Mais arrêtons ces allers et retours de souvenirs et revenons au début de cette aventure, en 1986. J’avais un pays de prédilection : l’AUS-TRA-LIE, tant par la fascination que m’inspirait ce continent que par ma connaissance des vieux engins à deux roues qui s’y trouvaient, issus de l’influence anglaise, patrimoine ambigu, hérité d’une culture éphémère. J’avais un an pour préparer cette aventure. Beaucoup d’amis m’ont aidé, jusqu’à en avoir assez de ma nouvelle obsession. Josy était devenue ma secrétaire, Christian refaisait l’électricité de la V7 Moto Guzzi de 66 et Guy en a assuré toute la mécanique. Moi, je travaillais 7 jours par semaines et vivait sur le chantier de Michel pour ne pas avoir de loyer à payer ; il me fallait aussi de l’argent pour le voyage.

Pendant ce temps, renseigné par l’ambassade d’Australie à Paris, je pus amorcer des correspondances avec diverses organisations locales. Je réussis à obtenir une vingtaine d’adresses de clubs de motos de collection et, ainsi, à m’organiser un petit itinéraire, bien modeste sur cette superficie 14 fois plus importante que celle de la France. En juillet 1987, ma partenaire de voyage fut embarquée à Marseille, direction Port Philip BAY, Sud-Est de l’Australie. J’atterris à Melbourne en septembre et pus la récupérer après quelques péripéties dues à une grève de douaniers.
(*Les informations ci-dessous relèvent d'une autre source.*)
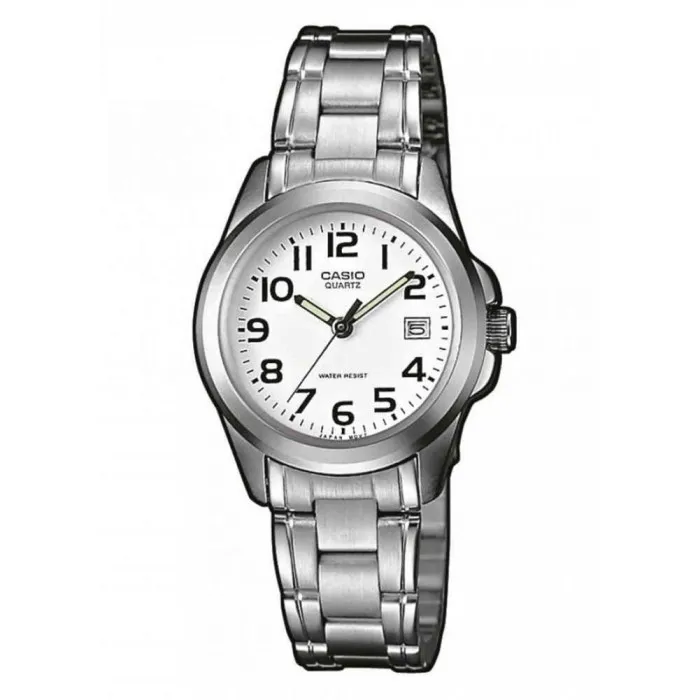 Introducing the Casio® Analogue 'Collection' Women's Watch LTP-1259PD-7BEG. This exquisite timepiece encapsulates simplistic elegance and functionality, making it perfect for the modern woman. Crafted with meticulous attention to detail, this watch is not just an accessory but a statement piece that resonates with sophistication. The soft silver tones and gentle curves of the brass case combined with a pristine white dial create a harmonious aesthetic. The 28mm round case is not too bulky, giving a comfortable yet stylish fit on the wrist, perfect for both casual outings and formal gatherings. The quartz movement ensures precision, while the resistant mineral glass safeguards the delicate dial. With a thickness of just 9mm, it seamlessly integrates into your outfit without overwhelming it. The stainless steel band, measuring 19cm in length and 12mm in width, features a fold-over clasp with a push button, guaranteeing a secure yet chic fastening. Plus, a convenient date calendar adds to its practicality. This model withstands water pressure of up to 3 bars, making it both versatile and reliable for everyday wear. Whether you are dressing up for a meeting or enjoying a casual day out, this watch is designed to complement your every look, embodying style and grace with every tick.Shop Casio LTP-1259PD-7BEG at Ormoda

Nous empruntâmes la plus longue ligne droite du monde, la Nullarbor. À gauche la mer, à droite le désert et devant nous, quelque millier de kilomètres sans la moindre courbe, si ce n’est celle d’animaux que je ne m’imaginais pas et qui, de temps en temps, m’obligeaient à zigzaguer sur la seule route revêtue de ciment. J’arrivai après cinq jours de conduite à Perth, le côté droit du visage brûlé par le soleil. Là, les organisateurs du “ Wheel West Rally ” m’ont reçu chaleureusement et m’ont invité à participer à cette manifestation réunissant plus d’une centaine de passionnés, affectionnant particulièrement les motocyclettes anciennes, et visant à faire le tour de l’Australie de l’Ouest. Je les suivis dans leur pérégrination bravant canicule et pluie, à travers vignobles, forêts et déserts, partageant leur repas et leur enthousiasme, m’amusant de leur émulation au gymkhana de Busselton, visitant Armadale, un village pittoresque, type faux western vu par un européen, vivant au XVIIIe siècle, ou “ Whistle stop ” le fameux train à vapeur. J’ai vécu leurs joies, leurs découvertes, leur ivresse et leur amitié.
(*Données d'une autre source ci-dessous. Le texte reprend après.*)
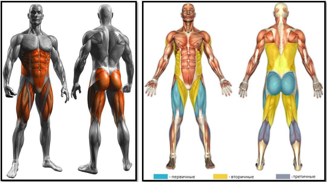 Как говорилось выше – работу выполняют те же самые мышечные группы, которые задействованы и при классическом приседе. Сюда относятся мышцы задней (бицепсы) и передней (квадрицепсы) частей бедра, а также большие ягодичные мышцы.

Dés la fin du rally, grâce aux relations que j’avais liées, ils me permirent de pénétrer dans leurs antres secrets, de découvrir dans leur univers les “ Back Shed ”. Assimilés à des remises ou ateliers, existence et amour des motos se confondent dans ses endroits, ces lieux obscurs, aussi différents les uns des autres. Je les ai pénétrés dans leur différence sur d’autres millier de kilomètres que j’ai parcouru de Perth à Rockhampton, et pourtant ils sont tous marqués de la même empreinte, celle de la liberté de choix, du respect de la perfection au service de leurs deux roues. Parfois les “ Back Shed ” ne suffisant plus, bondés de pièces mécaniques, carrosseries diverses et souvenirs en tout genre, c’est dans leur salon même que ces descendants de pionniers, prisonniers de leur délire, remisent leurs prodiges, l’aboutissement de leur acharnement, pour apprécier pleinement leur présence et s’engloutir dans leur satisfaction.

Durant ces mois de complicité, la photographie m’a permis de rendre ce modeste témoignage de notre connivence. Faisant corps avec leur machine roulante ou non, ces personnages apparaissent comme la renaissance d’un passé dont la vérité impose sa présence.

Confinés dans le silence de leur secrète passion ou éternels voyageurs, ces êtres d’un autre temps abreuvent leur engin du même sang qui nourrit leurs propres veines : une symbiose parfaite, l‘homme et la machine, l’homme-machine, libre comme l’enfant.